FOTO: Dok.Taxco Solution/Desain: Muhammad Ikhsan Jamaludin

PER 16/2025 Berlaku, Percepat Pencairan Restitusi dengan Kriteria Ini!

Pajak.com, Jakarta – Direktur jenderal (dirjen) pajak dapat mempercepat pencairan pengembalian pendahuluan kelebihan pembayaran pajak (restitusi) sesuai dengan Peraturan Direktur Jenderal Pajak Nomor PER-16/PJ/2025 (PER 16/2025). Namun, Tax Associate Taxco Solution Nopi Rasyanti menegaskan bahwa percepatan restitusi itu bisa diberikan asalkan Wajib Pajak telah memenuhi kriteria yang diatur dalam PER 16/2025.

Mengawali perbincangan eksklusif bersama Pajak.com, Nopi mengapresiasi diterbitkannya PER 16/2025 tentang Pelaksanaan Pengembalian Pendahuluan Kelebihan Pembayaran Pajak terhadap Wajib Pajak Kriteria Tertentu, Wajib Pajak Persyaratan Tertentu, dan Pengusaha Kena Pajak Berisiko Rendah, serta Special Purpose Company atau Kontrak Investasi Kolektif sebagai Pengusaha Kena Pajak Berisiko Rendah, yang mulai berlaku sejak 13 Agustus 2025.

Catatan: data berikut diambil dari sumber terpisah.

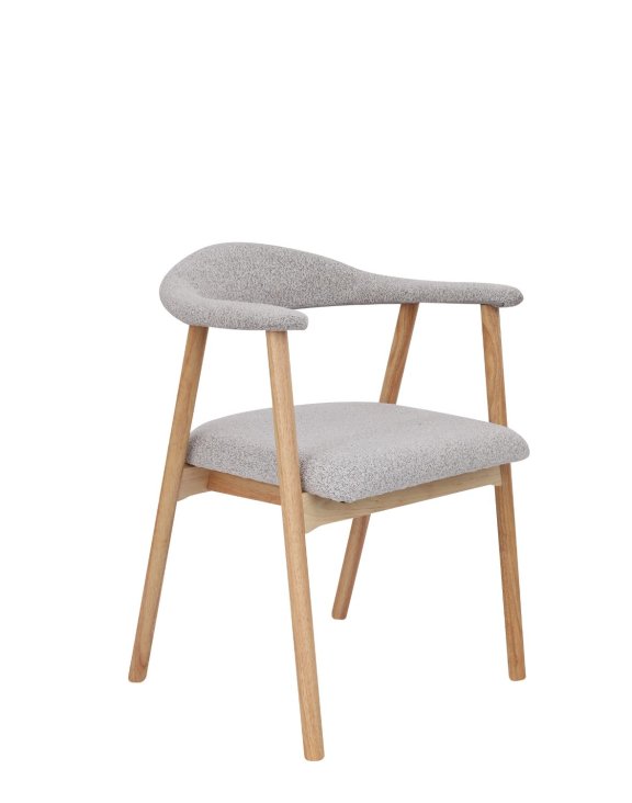 Stolička Notte Light značky Avida Design je elegantná čalúnená stolička s podrúčkami vyrobená z masívneho kaučukového dreva v prírodnej farbe.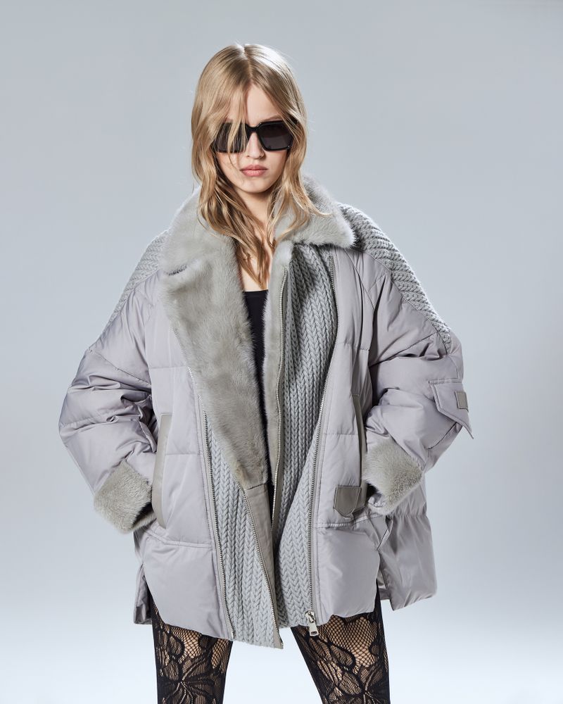 Пуховик на молнии с воротником из натуральной норки.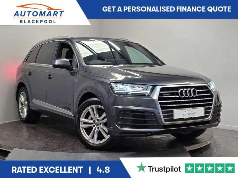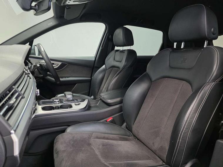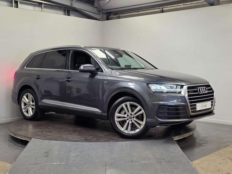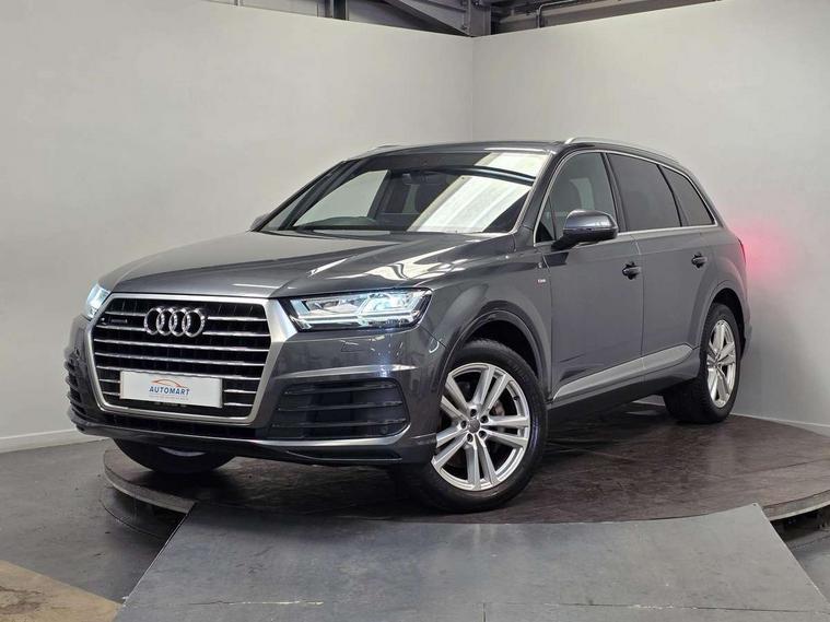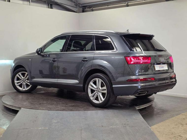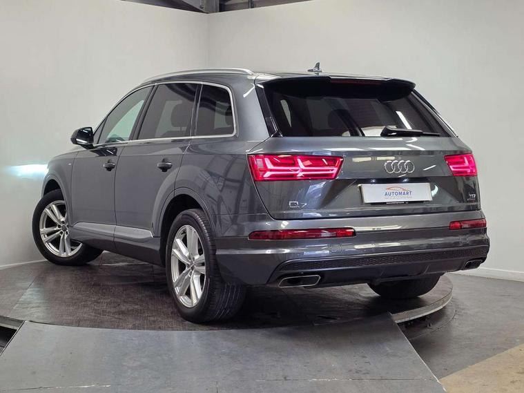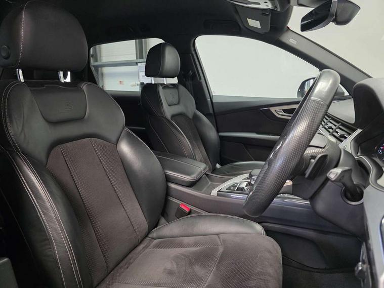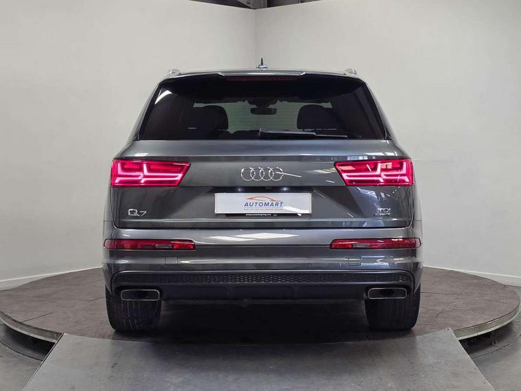 Audi drive select, Audi smartphone interface, MMI - Multi Media Interface control system, MMI navigation plus with touch and 8" colour display, DVD, SD card reader, 10GB music storage, Mobile phone preparation with bluetooth interface, Remote electric boot opening/closing, Service interval indicator, Servotronic speed related PAS, Speed limiter, Voice control system, 2 USB ports, Audi music interface, Aux-in socket, DAB digital radio module, MMI radio plus, Acoustic windscreen, Auto dimming rear view mirror, Body coloured bumpers, Dynamic rear indicators, Electric front+rear windows, Headlight washers, High beam assist, LED daytime running lights, LED tail lights, Loading sill protector in stainless steel, Platinum grey front lip spoiler, Rain and light sensors, Rear wiper, Roof spoiler, S Line body styling, 2 cupholders in front centre console, 35/30/35 split fold 2nd row seats, 4 way electrically adjustable lumbar support for drivers seat, 4 way electrically adjustable lumbar support for front passenger seat, Door sill trims with S line logo, Electric 3rd row 50/50 split/fold, Electric adjustable front seats, Four zone electronic climate control, Front ashtray and cigar lighter, Front centre comfort armrest with storage + cupholders, Front head restraints, Front sports seats, Front/rear floor mats, Gearshift paddles, Heated front seats, ISOFIX on front passenger and rear outer seats, Leather gear knob, Luggage compartment cover, Rear centre armrest with 2 cupholders, Rear headrests, Stainless steel pedals, Sunvisors with illuminated vanity mirrors, Tool kit, Top tether anchor plate for isofix child seat, Interior light pack - Q7, 3 point seatbelts on all seats, ABS+Electronic Brake force Distribution, Curtain airbags, Driver and passenger airbags, EDL + ASR, Electrically operated child locks on rear doors, Electromechanical parking brake, ESP, Front passenger airbag deactivation, Front side airbags, Hill descent control, Hill hold assist, Seatbelt warning, Traction control, Tyre pressure monitoring system, Warning triangle and first aid kit, Alarm with interior monitoring, Immobiliser, Keyless Go access/ignition system, Locking wheel bolts, Remote central locking, Chrome door inserts, Tyre repair kit,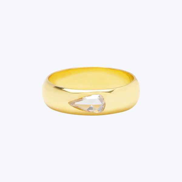 This Pear Rose Cut Gypsy Band is a unique statement ring or engagement ring for that special someone. A pear rose cut diamond (.48ct) sparkles in this rounded 18k gold band. The band measures approximately 5mm wide.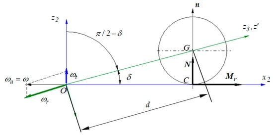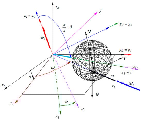 Equations (11)–(14) permit expressing any vector in the frame Ox′y′z′ attached to the rigid. The angular velocity of the ball can be written as follows: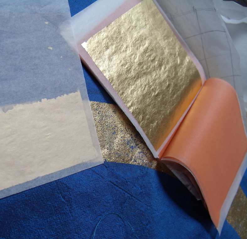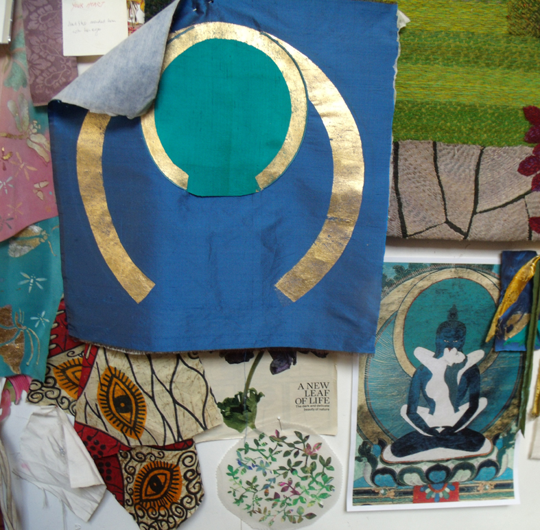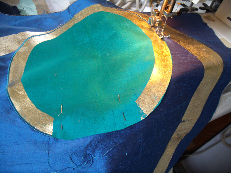 I must say that the fabrics materials I used for this work were really sumptuous,real gold leaf for the 2 bands of light surrounding the figures. by some alchemy I had every piece of material needed in my own stash; the gold leaf and threads, the heavy silk brocades were in the perfect colours. Later in the project a few would have to be hand painted and dyed.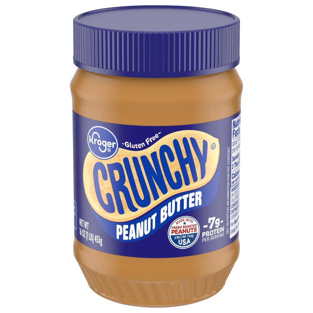 Kroger® Crunchy Peanut Butter is a delicious addition to your pantry. With 7g protein per serving, savor the rich flavor of roasted peanuts. Whether smearing on your morning toast or adding an extra t…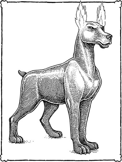 Черное существо, похожее на собаку какой-то неведомой породы, с зубами длиной с его руку и когтями, которыми легко можно разодрать в щепки ствол дуба.

“Urgensi dan tujuan penerbitan PER 16/2025 untuk lebih memberikan kepastian hukum, kejelasan yang lebih komprehensif, dan menyesuaikan ketentuan yang belum terakomodasi dalam PER 6/PJ/2025. PER 16/2025 memberikan transparansi dan kejelasan dalam pemenuhan kewajiban perpajakan,” ujar Nopi di Kantor Cabang Taxco Solution, Jl Masjid Jamik No. 2, Pangkalpinang, Kepulauan Bangka Belitung, dikutip Pajak.com (25/9/25).

Ia mengatakan, perubahan utama yang kini diatur dalam PER 16/2025 adalah perincian atas ketentuan pajak masukan yang dapat diperhitungkan sebagai bagian dari kelebihan pembayaran pajak. Namun, jangka waktu penyelesaian restitusi pajak dalam PER 16/2025 masih sama dengan PMK 39/2018 dan PER 5/2023 adalah 15 hari.

Nopi menganalisis bahwa menyempurnakan ketentuan PER 6/2025, serta memperluas cakupan ke Special Purpose Company (SPC) dan Kontrak Investasi Kolektif (KIK) yang berstatus Pengusaha Kena Pajak (PKP) berisiko rendah.

Secara umum, PER 16/2025 menetapkan restitusi oleh Wajib Pajak kriteria tertentu atau PKP berisiko rendah, meliputi permohonan pengembalian pendahuluan atas Surat Pemberitahuan (SPT) Tahunan atau pembetulan SPT Masa pajak bagian tahun pajak atau tahun pajak—sebelum atau setelah Wajib Pajak ditetapkan sebagai Wajib Pajak kriteria tertentu atau PKP berisiko rendah, termasuk dalam pengertian pajak masukan yang dibayar sendiri oleh Wajib Pajak.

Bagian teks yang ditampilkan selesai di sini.